Pour écrire un conte, la recette est intemporelle. Un décor, une masure, une forêt dense et inquiétante, et un élément qui va relier ces éléments au reste du monde, le plus souvent porteur de malheur. Ici c’est une ligne de chemin de fer, sur laquelle passe un train, qui transporte des marchandises. Il faut peu de pages pour comprendre de quel type de marchandises il s’agit.
Et puis il faut des personnages, le couple qui loge dans la masure, pauvre, sans enfant, au grand regret de l’épouse.
Il faut des méchants, des êtres maléfiques, traquant l’ennemi désigné. L’Autre, le différent selon des codes réinventés à l’envie, le « sans-coeur » , pointé du doigt par la vindicte populaire, comme responsable de tous les maux du monde.
Le hasard, la chance qui exauce les veux de la femme, n’est jamais sans conséquence, dans un conte. Pour tout cadeau du ciel il y a un prix à payer.
D’autres personnages, des gentils qui se font passer pour méchants, des méchants qu’il faut éviter de croire quand ils prétendent agir pour le bien de tous, entreront sur la scène de l’histoire.
C’est une bien poétique façon de conter une fois de plus l’horreur de cette tranche de notre Histoire, pas la première, et sans doute pas la dernière, tant la nature humaine est prévisible et imparfaite.
Pas de suspens dans le déroulement de la narration, on connait les faits, mais il en est ainsi pour tous les contes, qu’ils parlent d’un royaume lointain, isolé , inaccessible ou d’un conflit qui oppose les grands de ce monde, forts de la main d’oeuvre sans qu’ils envoient en leur nom au casse pipe.

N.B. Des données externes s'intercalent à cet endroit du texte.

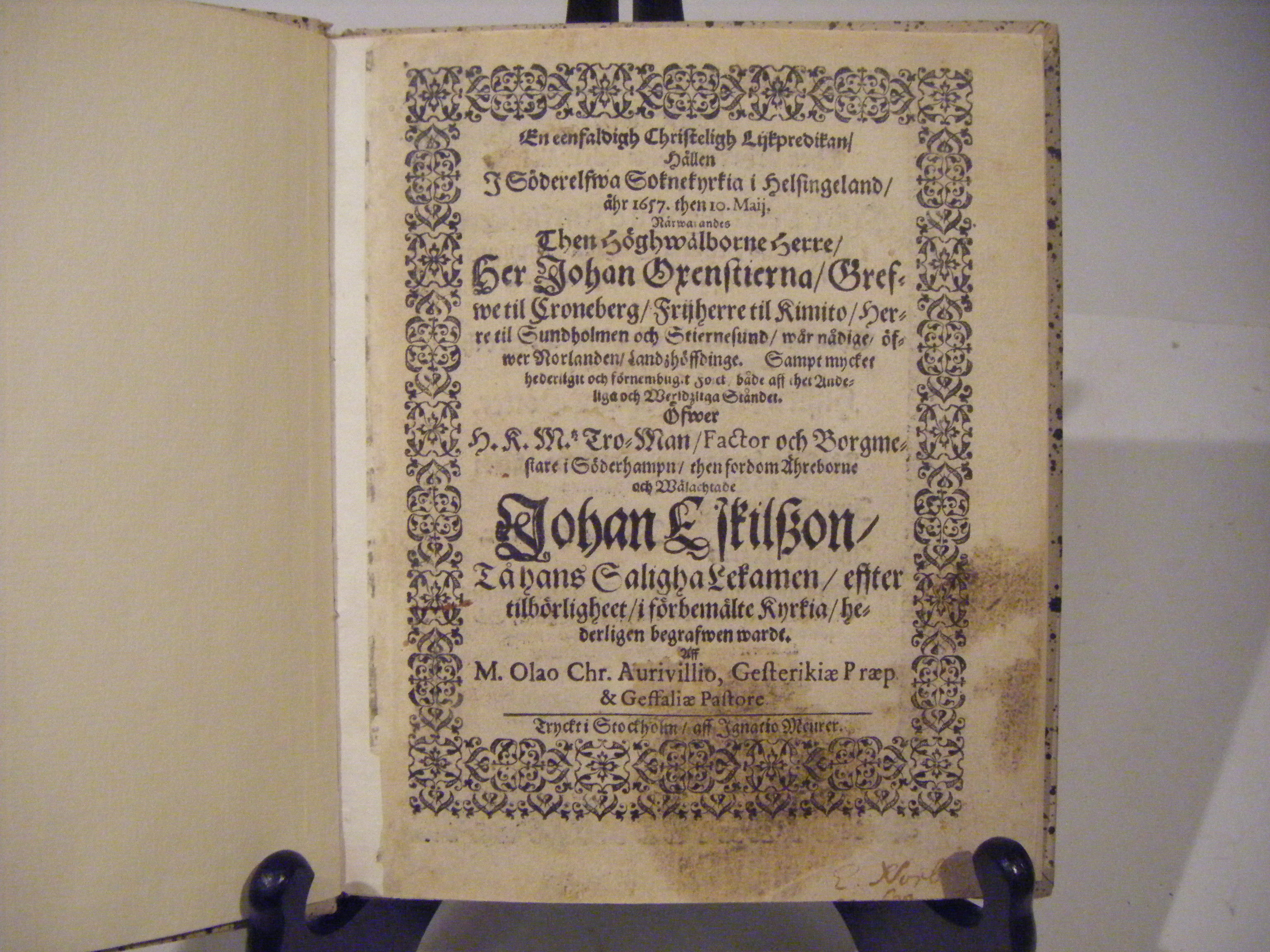 Stockholm, Meurer otan år (1657), (62) sidor. Liten 4:o. Inbunden i ett nyare stänkmarmorerat pappband. Fläck på första bladet. Vackert ramtryck.

La question primordiale est abordée à la fin : histoire vraie ou pas? C’est par une pirouette que l’auteur répond, en écrivant peut-être le plus beau passage du récit .
C’est vite lu, mais sans doute assez fort pour laisser une trace durable dans une mémoire de lecteur.
Les jours succédèrent aux jours, les trains aux trains. Dans leurs wagons plombés, agonisait l'humanité. et l'humanité faisait semblant. de l'ignorer. Les trains provenant de toutes les capitales du continent conquis passaient et repassaient, mais pauvre bucheronne ne les voyait plus.
*
Elle dort notre pauvre bucheronne, elle dort, son bébé bien serré dans ses bras, elle repose du sommeil des justes, elle dort là-haut, bien plus haut que le paradis des pauvres bucherons et des pauvres bucheronnes, bien plus haut encore que l'Eden des heureux de ce monde, elle dort tout là-haut là-haut, dans le jardin réservé aux dieux et aux mères.